*Task brief*
The entries below must be retyped exactly. Pictures are to be omitted.

Data entries:
☆ ☆ ☆

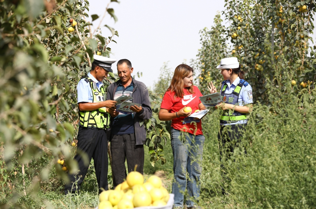 8月12日,新疆喀什地區(qū)葉城縣公安局組織民警深入轄區(qū)梨園,推行“助農(nóng)+普法”工作模式,協(xié)助果農(nóng)采摘果實,并在勞作休息時間,面對面開展普法宣傳,用實際行動守護果農(nóng)的勞動成果。
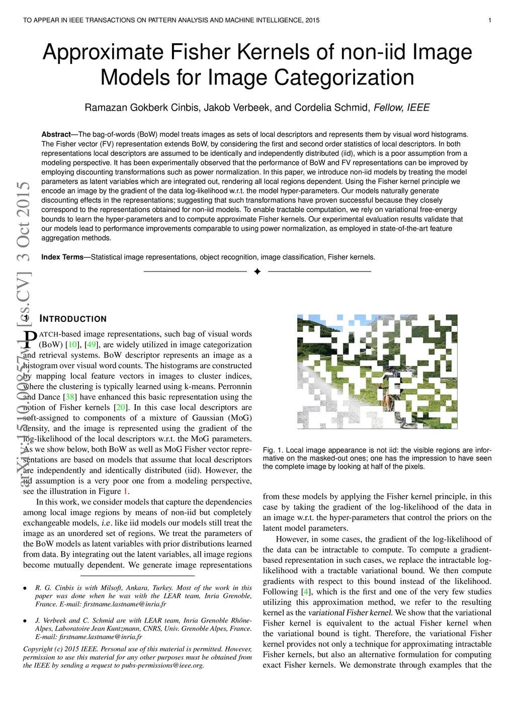 Approximate Fisher Kernels of non-iid Image Models for Image
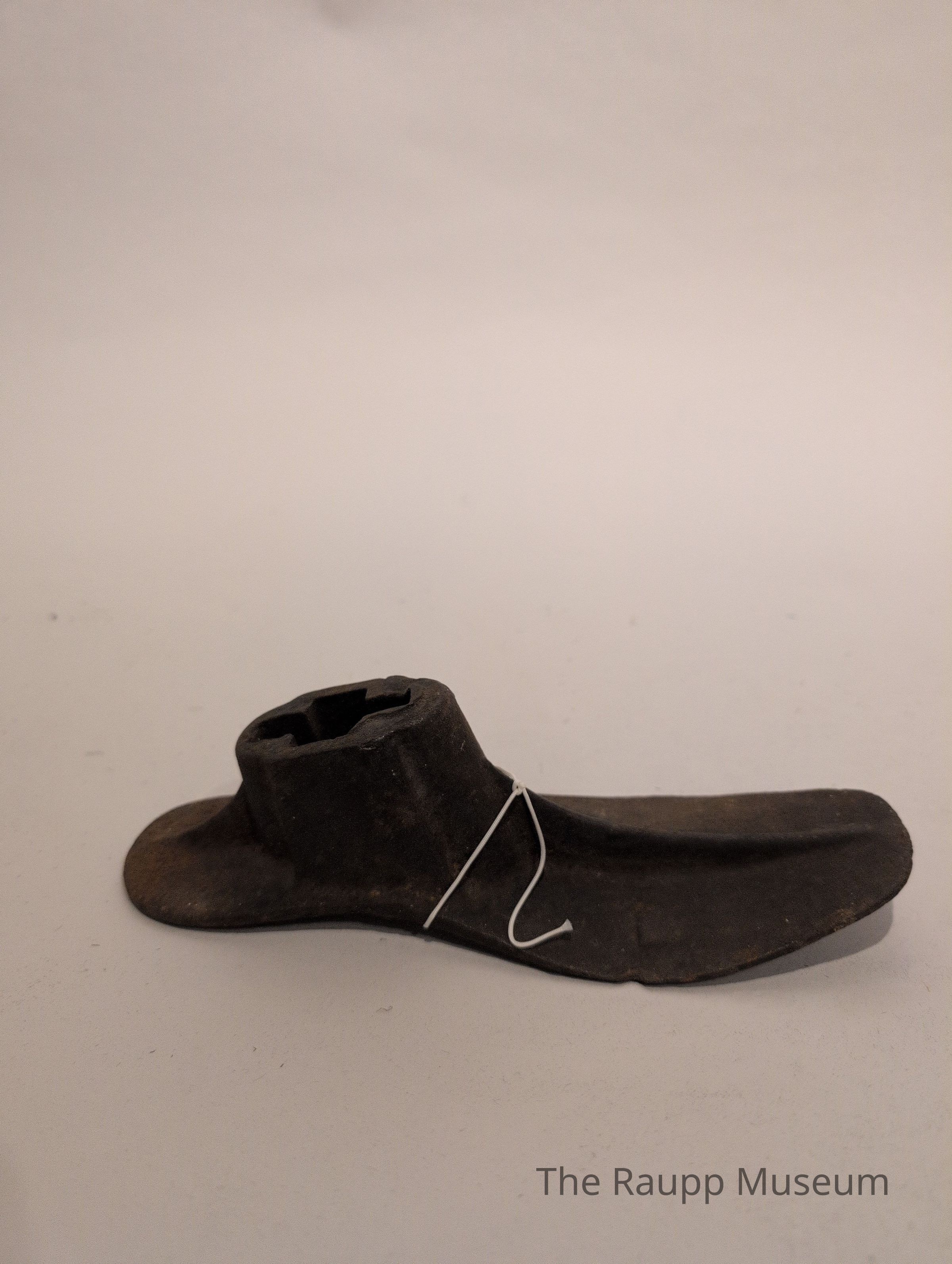 One (1) cast iron brown shoe last. Last used to repair shoes, shaped like the bottom of a shoe - fits onto shoe last stand.
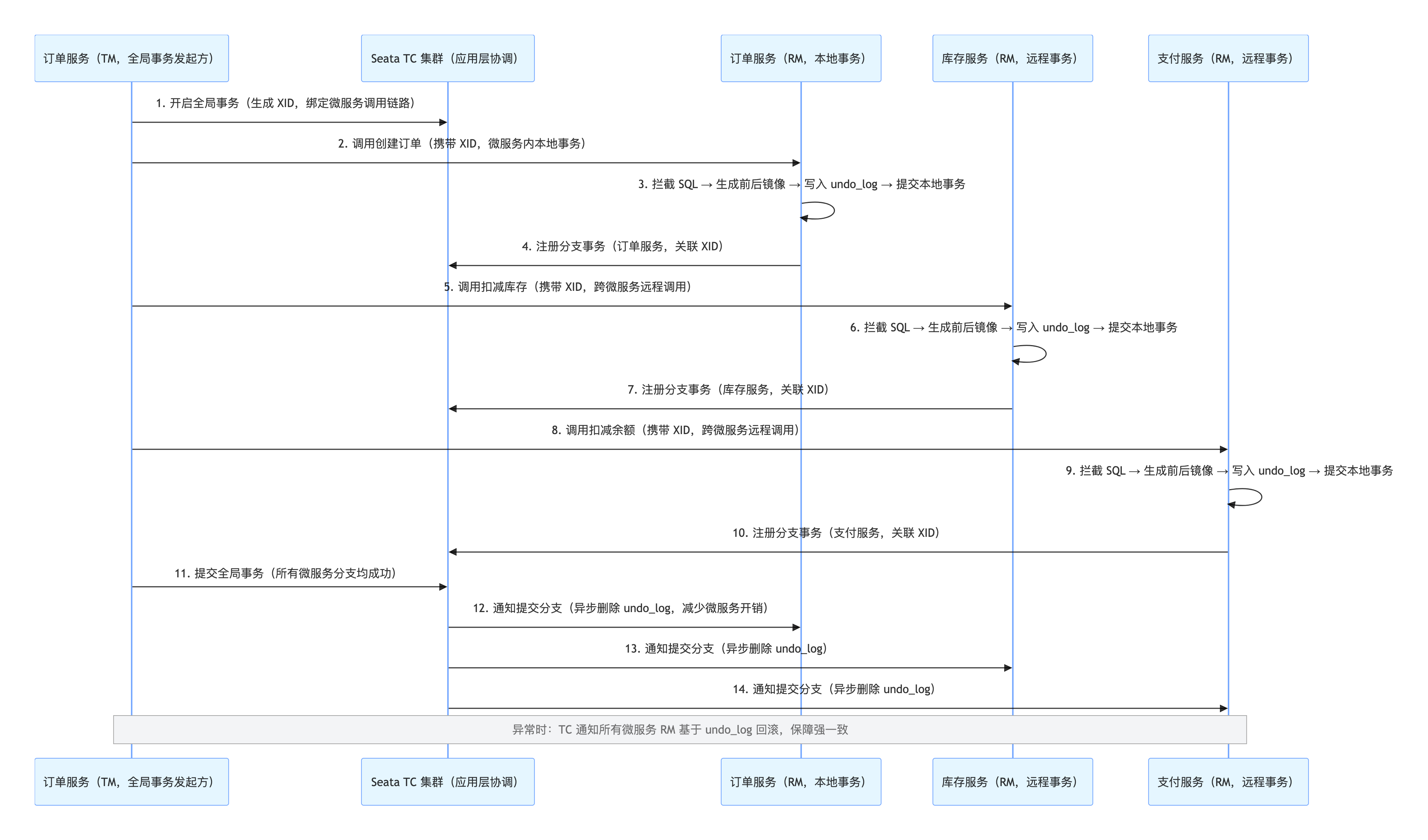业务特征 :跨 3 个微服务(订单服务、库存服务、支付服务)、跨 MySQL 实例、一致性要求 100%、QPS 约 1000,属于微服务核心交易链路。
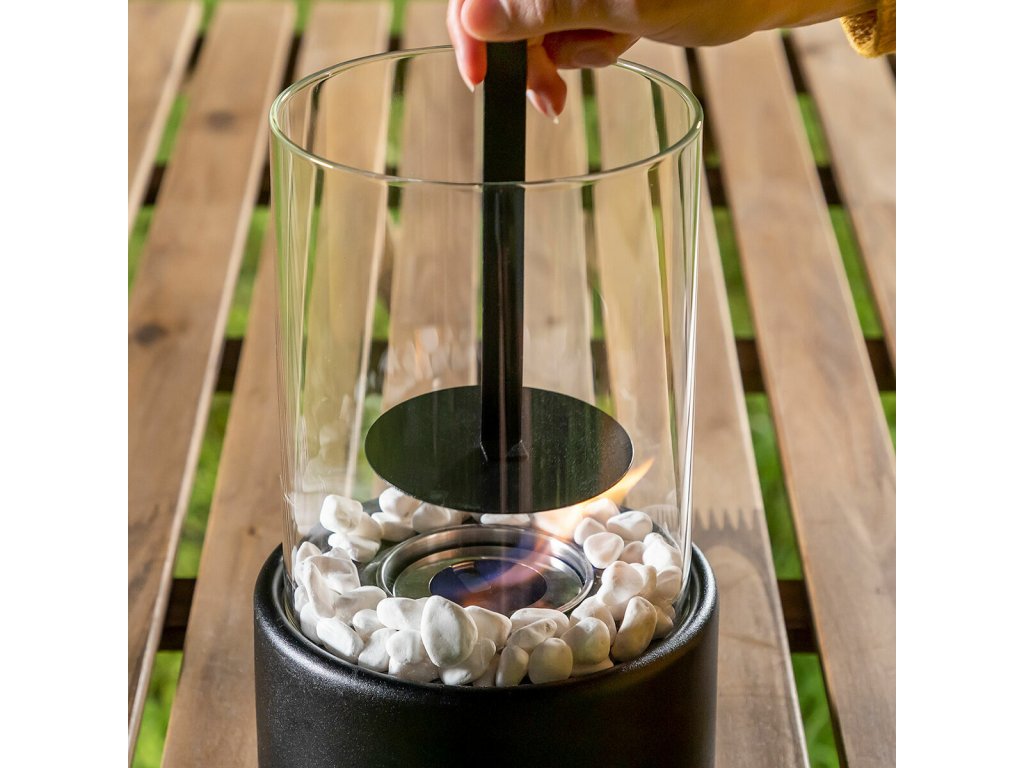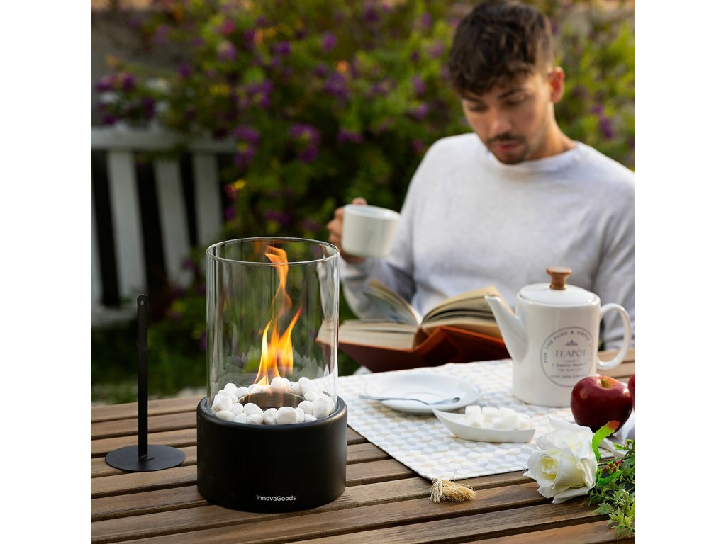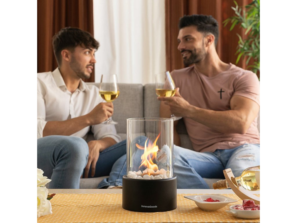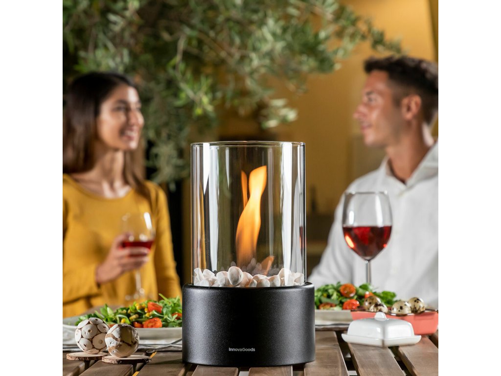 Stolný krb Heatfir od InnovaGoods je navrhnutý tak, aby poskytoval príjemné teplo a svetlo v rôznych prostrediach. Jeho elegantný čierny dizajn s kombináciou skla a kovu sa hodí do moderných aj tradičných interiérov. Krb je ľahko prenosný a vďaka kompaktným rozmerom Ø16 x 26,5 cm ho môžete umiestniť na stôl v obývačke, spálni alebo na terase.
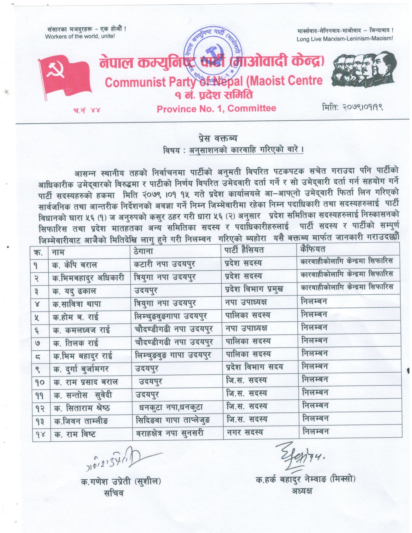 नेकपा माओवादी केन्द्र प्रदेश नम्बर १ कमिटीले बागी उम्मेदवारी दिने तथा फिर्ता नलिने १४ जनालाई कारबाही गरेको छ। पार्टीको निर्देशन र नीति विपरित जाने उनीहरुलाई पार्टीले अनुशासनको कारबाही गरेको हो ।

☆ ☆ ☆

*Result of the exercise*
 8月12日,新疆喀什地區(qū)葉城縣公安局組織民警深入轄區(qū)梨園,推行“助農(nóng)+普法”工作模式,協(xié)助果農(nóng)采摘果實,并在勞作休息時間,面對面開展普法宣傳,用實際行動守護果農(nóng)的勞動成果。
 Approximate Fisher Kernels of non-iid Image Models for Image
 One (1) cast iron brown shoe last. Last used to repair shoes, shaped like the bottom of a shoe - fits onto shoe last stand.
业务特征 :跨 3 个微服务(订单服务、库存服务、支付服务)、跨 MySQL 实例、一致性要求 100%、QPS 约 1000,属于微服务核心交易链路。
 Stolný krb Heatfir od InnovaGoods je navrhnutý tak, aby poskytoval príjemné teplo a svetlo v rôznych prostrediach. Jeho elegantný čierny dizajn s kombináciou skla a kovu sa hodí do moderných aj tradičných interiérov. Krb je ľahko prenosný a vďaka kompaktným rozmerom Ø16 x 26,5 cm ho môžete umiestniť na stôl v obývačke, spálni alebo na terase.
 नेकपा माओवादी केन्द्र प्रदेश नम्बर १ कमिटीले बागी उम्मेदवारी दिने तथा फिर्ता नलिने १४ जनालाई कारबाही गरेको छ। पार्टीको निर्देशन र नीति विपरित जाने उनीहरुलाई पार्टीले अनुशासनको कारबाही गरेको हो ।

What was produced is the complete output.